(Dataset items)
-----
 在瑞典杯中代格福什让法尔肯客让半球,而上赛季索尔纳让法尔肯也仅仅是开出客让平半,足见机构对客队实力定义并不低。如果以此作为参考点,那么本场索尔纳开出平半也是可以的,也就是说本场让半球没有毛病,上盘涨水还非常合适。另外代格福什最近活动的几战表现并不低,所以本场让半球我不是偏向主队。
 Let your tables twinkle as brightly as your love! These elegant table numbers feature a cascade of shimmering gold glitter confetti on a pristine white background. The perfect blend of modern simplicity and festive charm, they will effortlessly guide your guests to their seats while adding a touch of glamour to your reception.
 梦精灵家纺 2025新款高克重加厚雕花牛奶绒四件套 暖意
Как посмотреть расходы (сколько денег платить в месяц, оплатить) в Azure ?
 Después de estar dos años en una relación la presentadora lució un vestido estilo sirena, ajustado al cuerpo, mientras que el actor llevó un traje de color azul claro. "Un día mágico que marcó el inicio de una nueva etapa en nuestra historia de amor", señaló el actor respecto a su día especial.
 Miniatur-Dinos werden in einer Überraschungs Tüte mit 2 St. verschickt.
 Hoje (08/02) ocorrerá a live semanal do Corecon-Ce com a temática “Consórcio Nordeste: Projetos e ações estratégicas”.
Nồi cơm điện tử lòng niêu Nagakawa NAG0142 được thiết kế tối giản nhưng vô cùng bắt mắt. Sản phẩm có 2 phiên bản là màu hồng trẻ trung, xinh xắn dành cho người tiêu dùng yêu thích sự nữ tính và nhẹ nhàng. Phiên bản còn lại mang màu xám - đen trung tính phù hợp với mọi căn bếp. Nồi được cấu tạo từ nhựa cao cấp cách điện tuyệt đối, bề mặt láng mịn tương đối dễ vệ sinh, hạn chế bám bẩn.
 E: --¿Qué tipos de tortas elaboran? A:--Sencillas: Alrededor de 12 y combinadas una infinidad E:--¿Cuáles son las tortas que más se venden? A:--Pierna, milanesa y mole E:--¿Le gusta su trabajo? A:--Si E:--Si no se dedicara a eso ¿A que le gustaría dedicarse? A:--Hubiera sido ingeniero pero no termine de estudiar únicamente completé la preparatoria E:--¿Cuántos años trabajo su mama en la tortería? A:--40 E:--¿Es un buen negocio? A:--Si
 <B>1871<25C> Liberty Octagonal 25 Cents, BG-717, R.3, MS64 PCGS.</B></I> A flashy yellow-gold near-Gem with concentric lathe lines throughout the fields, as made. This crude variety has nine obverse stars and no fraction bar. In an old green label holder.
-----
WHAT IS EXPECTED =
In full and without error, transcribe each of the entries.

EXPECTED ANSWER =
 在瑞典杯中代格福什让法尔肯客让半球,而上赛季索尔纳让法尔肯也仅仅是开出客让平半,足见机构对客队实力定义并不低。如果以此作为参考点,那么本场索尔纳开出平半也是可以的,也就是说本场让半球没有毛病,上盘涨水还非常合适。另外代格福什最近活动的几战表现并不低,所以本场让半球我不是偏向主队。
 Let your tables twinkle as brightly as your love! These elegant table numbers feature a cascade of shimmering gold glitter confetti on a pristine white background. The perfect blend of modern simplicity and festive charm, they will effortlessly guide your guests to their seats while adding a touch of glamour to your reception.
 梦精灵家纺 2025新款高克重加厚雕花牛奶绒四件套 暖意
Как посмотреть расходы (сколько денег платить в месяц, оплатить) в Azure ?
 Después de estar dos años en una relación la presentadora lució un vestido estilo sirena, ajustado al cuerpo, mientras que el actor llevó un traje de color azul claro. "Un día mágico que marcó el inicio de una nueva etapa en nuestra historia de amor", señaló el actor respecto a su día especial.
 Miniatur-Dinos werden in einer Überraschungs Tüte mit 2 St. verschickt.
 Hoje (08/02) ocorrerá a live semanal do Corecon-Ce com a temática “Consórcio Nordeste: Projetos e ações estratégicas”.
Nồi cơm điện tử lòng niêu Nagakawa NAG0142 được thiết kế tối giản nhưng vô cùng bắt mắt. Sản phẩm có 2 phiên bản là màu hồng trẻ trung, xinh xắn dành cho người tiêu dùng yêu thích sự nữ tính và nhẹ nhàng. Phiên bản còn lại mang màu xám - đen trung tính phù hợp với mọi căn bếp. Nồi được cấu tạo từ nhựa cao cấp cách điện tuyệt đối, bề mặt láng mịn tương đối dễ vệ sinh, hạn chế bám bẩn.
 E: --¿Qué tipos de tortas elaboran? A:--Sencillas: Alrededor de 12 y combinadas una infinidad E:--¿Cuáles son las tortas que más se venden? A:--Pierna, milanesa y mole E:--¿Le gusta su trabajo? A:--Si E:--Si no se dedicara a eso ¿A que le gustaría dedicarse? A:--Hubiera sido ingeniero pero no termine de estudiar únicamente completé la preparatoria E:--¿Cuántos años trabajo su mama en la tortería? A:--40 E:--¿Es un buen negocio? A:--Si
 <B>1871<25C> Liberty Octagonal 25 Cents, BG-717, R.3, MS64 PCGS.</B></I> A flashy yellow-gold near-Gem with concentric lathe lines throughout the fields, as made. This crude variety has nine obverse stars and no fraction bar. In an old green label holder.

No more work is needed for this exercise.